Instructions for the task:
Pictures excluded, copy all of the data below exactly.

Source material:
□ □ □ □ □ □ □
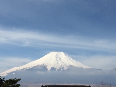 青空に薄い雲、富士山の白さが一段と輝いてみえる富士北麓の朝でした。
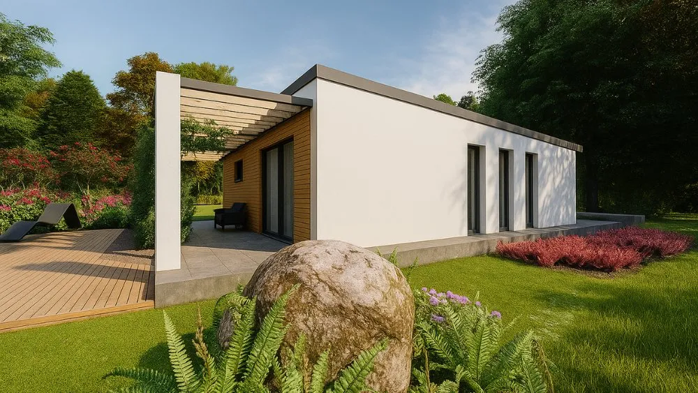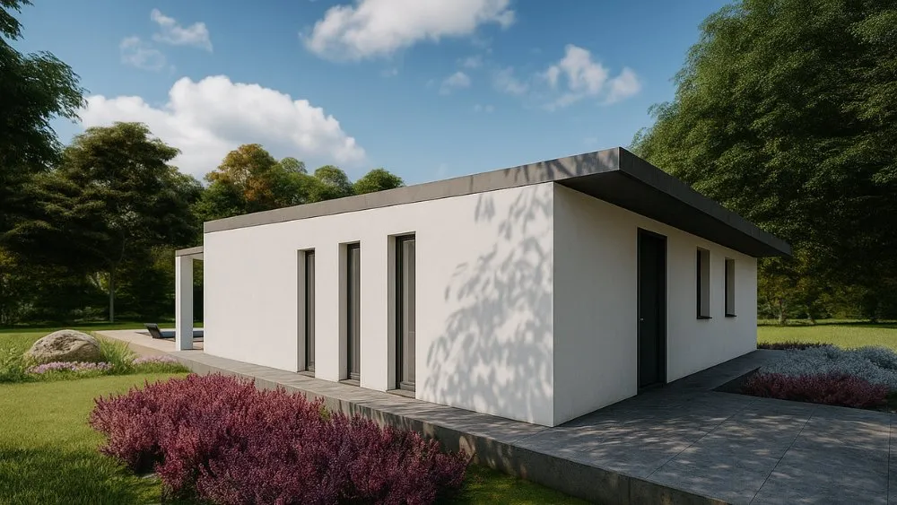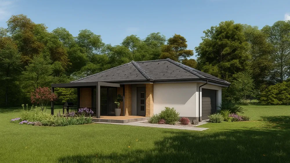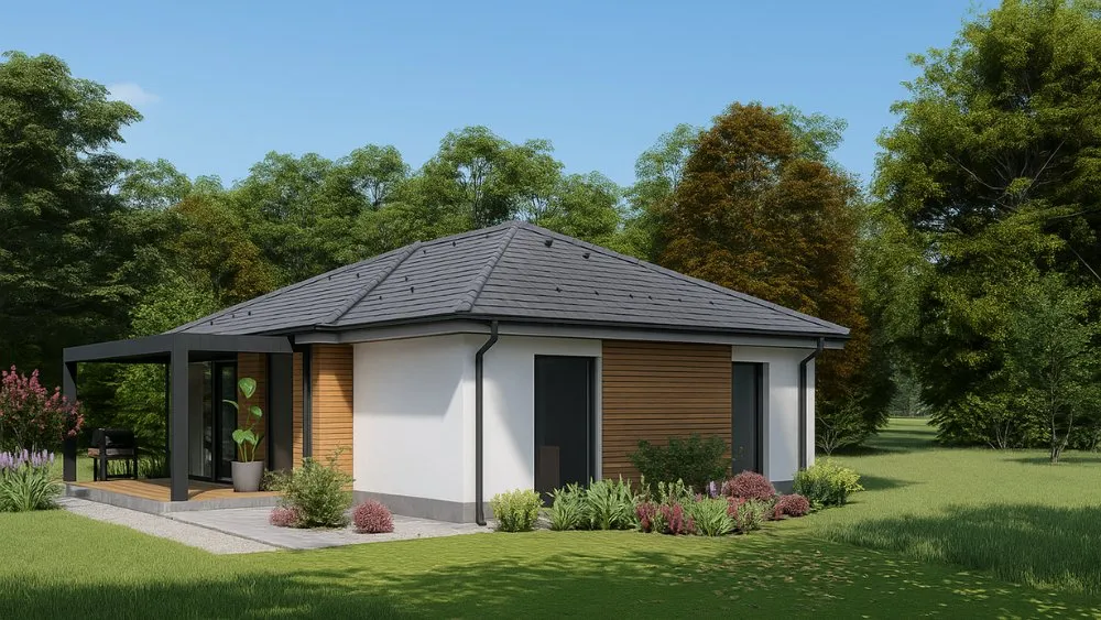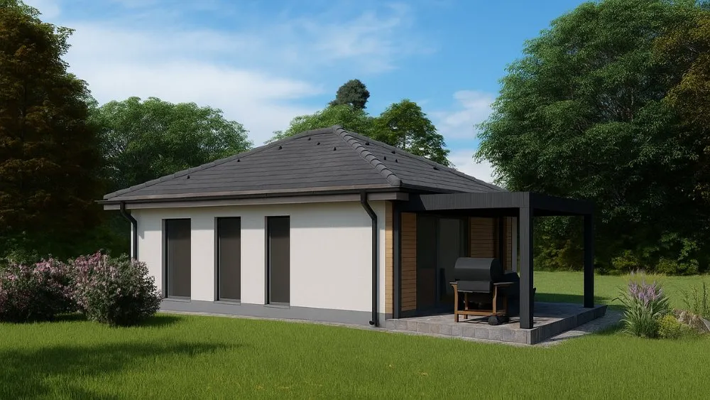Ez a barátságos és könnyen személyre szabható családi otthon acélvázas szerkezetének köszönhetően rendkívül stabil és időtálló. Igény szerint különböző méretekben és akár lapostetős kivitelben is megvalósítható, így teljes mértékben az egyéni elképzelésekhez igazítható. Kiváló választás lakóházként, nyaralóként vagy akár vendégházként is.
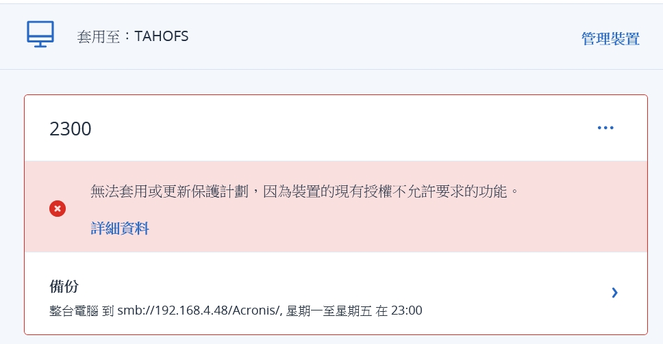 查備份未成功排程,出現 現有授權不允許... 等字樣.
□ □ □ □ □ □ □
Your response:
 青空に薄い雲、富士山の白さが一段と輝いてみえる富士北麓の朝でした。
Ez a barátságos és könnyen személyre szabható családi otthon acélvázas szerkezetének köszönhetően rendkívül stabil és időtálló. Igény szerint különböző méretekben és akár lapostetős kivitelben is megvalósítható, így teljes mértékben az egyéni elképzelésekhez igazítható. Kiváló választás lakóházként, nyaralóként vagy akár vendégházként is.
 查備份未成功排程,出現 現有授權不允許... 等字樣.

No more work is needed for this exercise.